Tekatas Demet D, Bahcecioglu Ibrahim H, Ispiroglu Murat, Sahin Abdurrahman, Ilhan Necip, Yalniz Mehmet, Demirel Ulvi
Department of Gastroenterology, Firat University, Elazig, Turkey.
Department of Biochemistry, Firat University, Elazig, Turkey.
Euroasian J Hepatogastroenterol. 2016 Jul-Dec;6(2):137-142. doi: 10.5005/jp-journals-10018-1186. Epub 2016 Dec 1.
In this study, we aimed to investigate the histological and clinical effect of angiotensin-converting enzyme (ACE) and ACE gene polymorphism in nonalcoholic fatty liver disease (NAFLD) and their roles in the progression of the disease.
Liver function tests, body mass index, waist circumference, lipid parameters, fasting blood glucose (FBG), hemoglobin A1c (HbA1c), homeostasis model assessment-IR (HOMA-IR), ACE, and ACE gene polymorphism were evaluated in the NAFLD group and control group. The study group was evaluated by dividing the group into four subgroups by ACE gene polymorphism (D/D homozygous, I/I homozygous, D/I heterozygous, I/D heterozygous). Liver biopsies were evaluated according to Brunt Classification.

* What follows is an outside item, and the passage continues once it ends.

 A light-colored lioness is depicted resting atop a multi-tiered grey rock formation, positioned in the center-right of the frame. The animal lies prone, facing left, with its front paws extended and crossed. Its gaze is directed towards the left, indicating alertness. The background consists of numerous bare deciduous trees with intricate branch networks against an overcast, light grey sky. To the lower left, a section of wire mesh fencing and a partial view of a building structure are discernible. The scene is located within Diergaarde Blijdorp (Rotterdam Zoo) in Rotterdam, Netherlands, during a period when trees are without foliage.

A total of 31 patients who were diagnosed with NAFLD and 40 healthy individuals were included in the study. The ACE level was found to be 11.69 ± 1.99 in the NAFLD group and 11.52 ± 1.72 in the control group (p = 0.70). There was a negative correlation between ACE levels and HOMA-IR levels (p = 0.008, r= -0.512). Biochemical parameters were not different among ACE gene polimorphism subgroups, except FBG (between D/D, I/D and D/I, I/D; p = 0.02). When the ACE levels were compared in terms of grade and stage, no significant difference was found (for stage and grade p = 0.68). The ACE gene polymorphism subgroups did not differ by histopathologic findings; grade and stage (for grade p = 0.42, for stage p = 0.92).

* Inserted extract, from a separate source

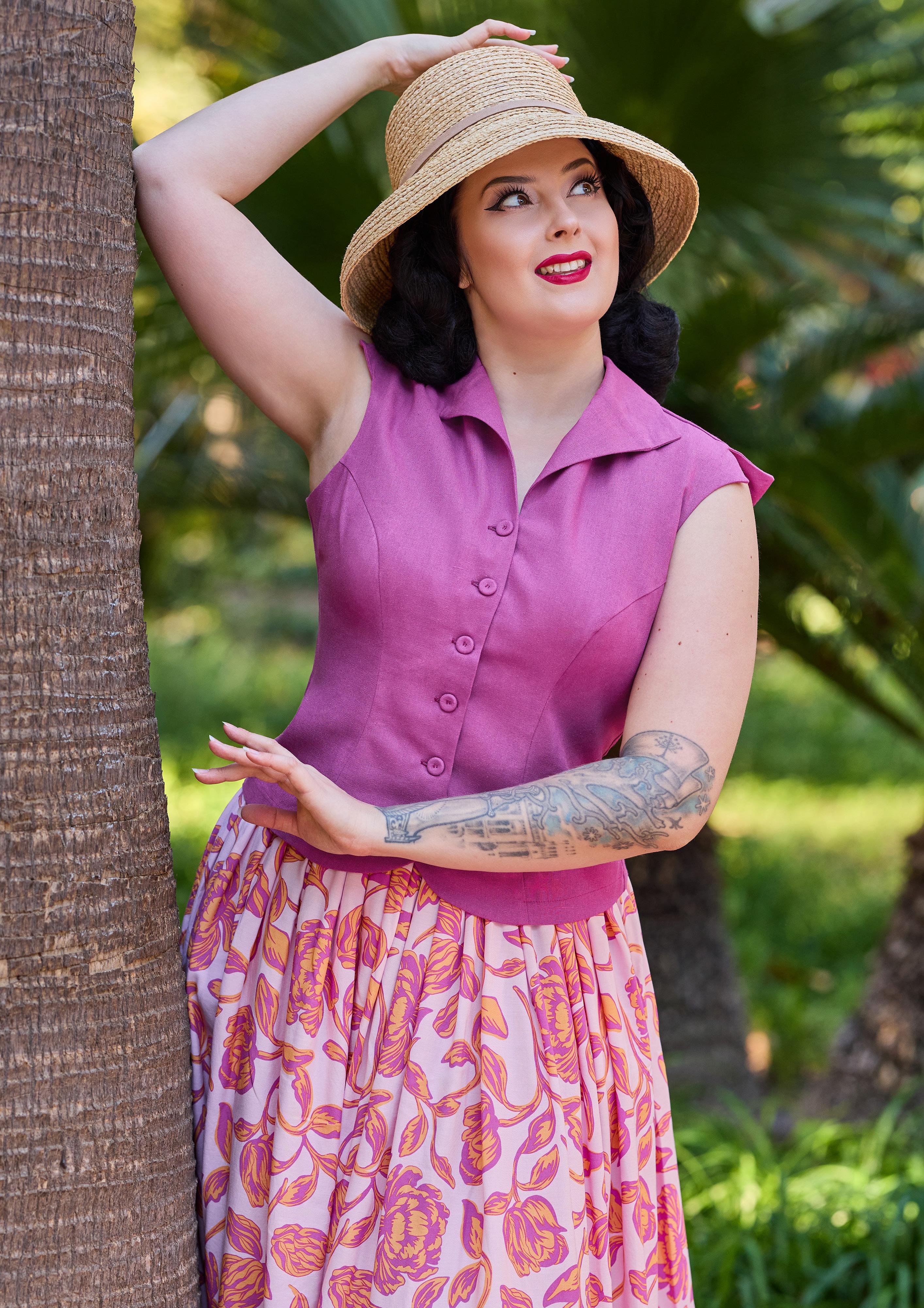 A sleeveless linen blouse, airy and elegant, embodying the relaxed sophistication of Miss Candyfloss.

In this study, we could not find a correlation of ACE and ACE gene polymorphism with metabolic risk factors and the disease severity in NAFLD.
Tekatas DD, Bahcecioglu IH, Ispiroglu M, Sahin A, Ilhan N, Yalniz M, Demirel U. Role of Renin-Angiotensin-converting Enzyme Level and ACE Gene Polymorphism in Patients with Nonalcoholic Fatty Liver Disease. Euroasian J Hepato-Gastroenterol 2016;6(2):137-142.
在本研究中,我们旨在探讨血管紧张素转换酶(ACE)及其基因多态性在非酒精性脂肪性肝病(NAFLD)中的组织学和临床效应,以及它们在疾病进展中的作用。
对NAFLD组和对照组进行肝功能检查、体重指数、腰围、血脂参数、空腹血糖(FBG)、糖化血红蛋白(HbA1c)、稳态模型评估胰岛素抵抗指数(HOMA-IR)、ACE及ACE基因多态性评估。研究组根据ACE基因多态性分为四个亚组(D/D纯合子、I/I纯合子、D/I杂合子、I/D杂合子)进行评估。肝活检根据布伦特分类法进行评估。
本研究共纳入31例确诊为NAFLD的患者和40例健康个体。NAFLD组ACE水平为11.69±1.99,对照组为11.52±1.72(p = 0.70)。ACE水平与HOMA-IR水平呈负相关(p = 0.008,r = -0.512)。除FBG外(D/D与I/D、D/I与I/D之间;p = 0.02),ACE基因多态性亚组间生化参数无差异。按分级和分期比较ACE水平时,未发现显著差异(分级和分期p = 0.68)。ACE基因多态性亚组在组织病理学结果、分级和分期方面无差异(分级p = 0.42,分期p = 0.92)。
在本研究中,我们未发现ACE及ACE基因多态性与NAFLD代谢危险因素及疾病严重程度之间存在相关性。
Tekatas DD, Bahcecioglu IH, Ispiroglu M, Sahin A, Ilhan N, Yalniz M, Demirel U. 肾素-血管紧张素转换酶水平及ACE基因多态性在非酒精性脂肪性肝病患者中的作用。《欧亚肝脏胃肠病学杂志》2016;6(2):137 - 142。